That team consists of Alok Sahar (Omari Hardwick), a survivor of the Eugenics Wars; Quasi (Sam Richardson), a shapeshifting alien; Zeph (Robert Kazinsky), a human with an exoskeleton; Fuzz (Sven Ruygrok), a microscopic alien piloting a Vulcan robot; and Rachel Garett (Kacey Rohl), the Star Fleet officer tasked with overseeing this team of criminals and outlaws as they head out to track down the biggest McGuffin Star Trek has ever had… and that’s saying a lot.

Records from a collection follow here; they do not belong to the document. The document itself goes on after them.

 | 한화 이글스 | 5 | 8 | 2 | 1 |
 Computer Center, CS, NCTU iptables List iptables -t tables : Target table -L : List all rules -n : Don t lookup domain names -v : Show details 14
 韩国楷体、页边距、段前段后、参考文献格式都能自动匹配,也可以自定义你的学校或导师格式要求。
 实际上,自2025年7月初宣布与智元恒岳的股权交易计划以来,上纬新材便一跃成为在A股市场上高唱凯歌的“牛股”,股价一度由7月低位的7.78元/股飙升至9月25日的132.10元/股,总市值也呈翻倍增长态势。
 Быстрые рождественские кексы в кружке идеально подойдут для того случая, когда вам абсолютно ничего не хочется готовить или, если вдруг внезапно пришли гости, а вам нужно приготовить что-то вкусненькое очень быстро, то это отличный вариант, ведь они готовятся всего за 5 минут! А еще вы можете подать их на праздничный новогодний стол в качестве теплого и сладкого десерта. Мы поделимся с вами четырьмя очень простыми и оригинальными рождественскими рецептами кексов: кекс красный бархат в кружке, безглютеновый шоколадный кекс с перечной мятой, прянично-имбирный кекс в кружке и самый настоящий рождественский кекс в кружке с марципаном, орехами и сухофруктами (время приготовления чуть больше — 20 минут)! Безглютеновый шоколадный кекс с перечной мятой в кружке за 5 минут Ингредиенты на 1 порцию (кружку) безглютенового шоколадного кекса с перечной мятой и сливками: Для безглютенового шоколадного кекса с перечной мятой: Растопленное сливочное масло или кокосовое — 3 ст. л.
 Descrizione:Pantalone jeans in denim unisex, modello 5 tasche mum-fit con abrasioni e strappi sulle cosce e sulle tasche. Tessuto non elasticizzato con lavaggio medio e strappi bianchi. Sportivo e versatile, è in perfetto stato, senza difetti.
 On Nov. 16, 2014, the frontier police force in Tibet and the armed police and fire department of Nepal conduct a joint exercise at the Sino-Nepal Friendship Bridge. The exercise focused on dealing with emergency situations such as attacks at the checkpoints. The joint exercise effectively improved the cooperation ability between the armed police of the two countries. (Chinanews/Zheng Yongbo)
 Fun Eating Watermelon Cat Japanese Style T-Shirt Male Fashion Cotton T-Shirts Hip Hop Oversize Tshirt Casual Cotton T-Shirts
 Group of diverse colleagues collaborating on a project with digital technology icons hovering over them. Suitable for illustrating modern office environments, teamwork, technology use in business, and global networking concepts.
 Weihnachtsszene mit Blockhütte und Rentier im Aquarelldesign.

In fairness, the idea of a storyline taking place outside the boundaries of Star Fleet’s clear-cut lines and rules is an incredibly interesting one and Yeoh’s Emperor Georgiou, a refuge from the franchise’s Mirror Universe, is an immensely intriguing character within that concept. The problem is that Section 31 isn’t at all interested in unpacking any of it, instead content to focus on subpar action sequences, a rushed throughline for Yeoh’s character, and repeatedly trying to develop some sort of chemistry between a cast of characters who have next to none. There’s just nothing that works in this film, from its opening narration explaining the entire plot like the beginning of an early PlayStation video game to its blindingly obvious conclusion, the movie fails in almost every way.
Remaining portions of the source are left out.